Subject: Daily Media Review 8 August 2003


Date: 08/08/2003 03:29PM Subject: Daily Media Review 8 August

Dili, August 08 2003

Daily Media Review

Elite Politicians Whinge Like Children

Oscar Lima, one of the partners in Timor Telecom, said on Thursday that elite politicians 'whinge' like children, in a reference to their criticism of one another through the media. Lima said their critical remarks are not projecting a good image [of Timor-Leste] to the developed countries; rather, they project an image that goes against national unity. In his opinion, the needs of the people, rather than criticism, should be the priority. (STL)

ASDT Distances Itself From the Opposition

The fourth largest Timorese party, ASDT, distanced itself yesterday [Thursday] from the opposition and from various political positions critical of the [Fretilin-led] government. ASDT described itself as a 'neutral' party and defender of 'healthy' dialogue. In a clear signal that it is distancing itself from the views expressed by opposition parties recently, the ASDT leadership said that Mario Carrascalão was evicted from the house considered state property 'in accordance with the law' and that the doubts raised about the nationality status of the Prime-Minister "are baseless". Xavier do Amaral was critical of the opposition parties for holding a press conference under the National Unity Platform without his knowledge, and for criticizing Fretilin. He said that he disagreed with the text of the statement read by the Platform's President, Fernando Araújo. (Lusa)

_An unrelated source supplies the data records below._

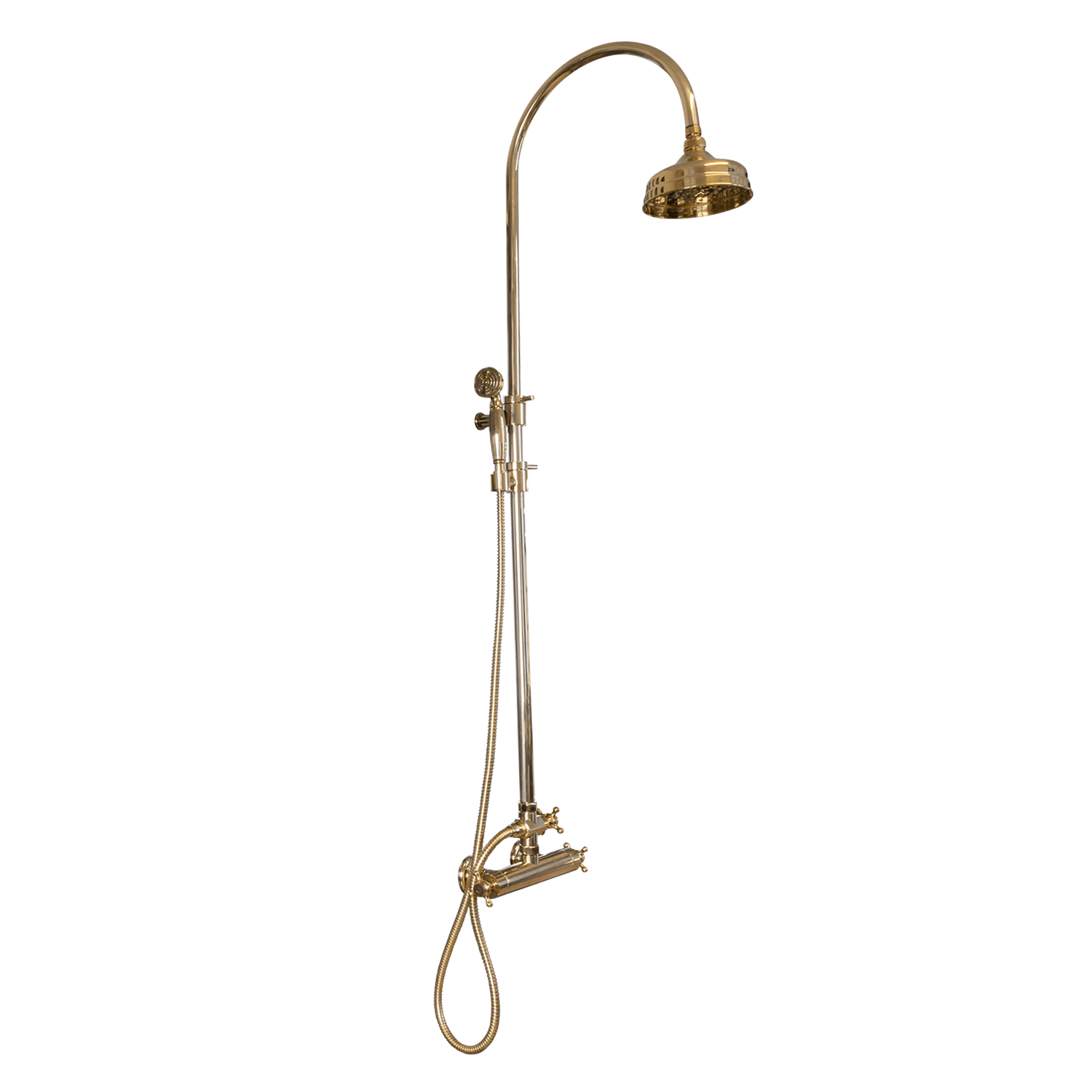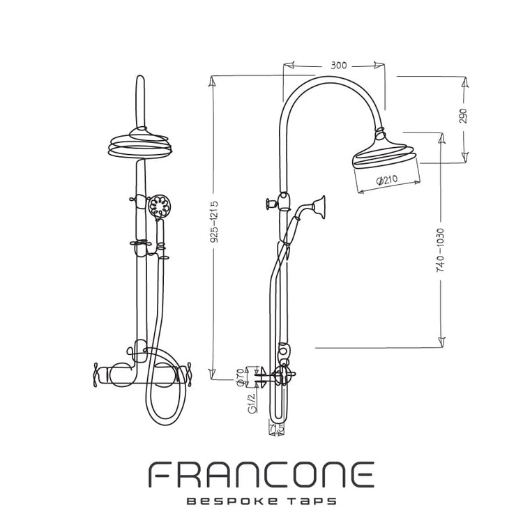 The BTS30 column shower model is similar to our traditional design but features a bar to which the handles are attached, creating something unique and distinctive. With a 150mm centre to centre measurement. The shower head measures 200mm and the hand shower attaches to the column, changing by a diverter. We can also switch the main shower head to an 18mm flat version which saves 70mm from the ceiling height when specified. Please note, that the flat shower head is 140mm.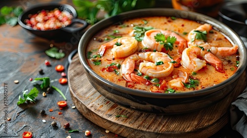 Famous Hot and Spicy Thai Soup "Tom Yum Kung" - coconut shrimp soup with noodles and shiitake mushrooms on wooden table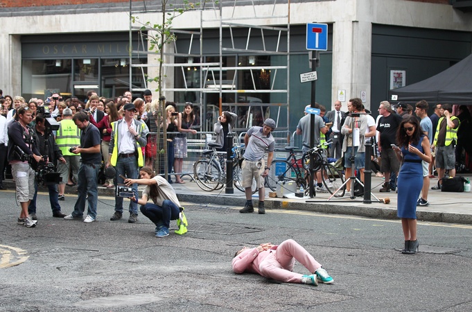 Robbie Williams w rozowym garniturze na planie teledysku, Londyn

PM Alkatiri: Enclave Oecussi Will Celebrate Special Autonomy

Prime Minister Alkatiri said the communities in the Oecussi enclave know how [best] to develop their district, knowing that they will eventually become autonomous. Alkatiri remarked that the people of Oecussi should increase their agriculture production and sell it in Dili. It is reported that the population of Oecussi requested the government to establish a university there. (STL)

Timor-Leste Upset By Jail Term For Indonesian General

Timor-Leste says it is upset by what it sees as a lenient jail term for a top Indonesian general over bloodshed during its independence vote in 1999. However, Timorese Foreign Minister Jose Ramos Horta says his government will not press for an international tribunal. Ramos-Horta says Indonesia's special human rights court should have jailed Major General Adam Damiri, regional commander at the time of the violence, for more than the three-year sentence it gave him. Damiri was the last of 18 people to be tried by the court, which has acquitted most other suspects and handed out light sentences to those convicted. The sentence was well below the 10-year minimum sentence recommended under Indonesian law. The verdict on Damiri also drew protest from the US with Washington saying it was disappointed with the tribunal's work and with the sentence on Damiri.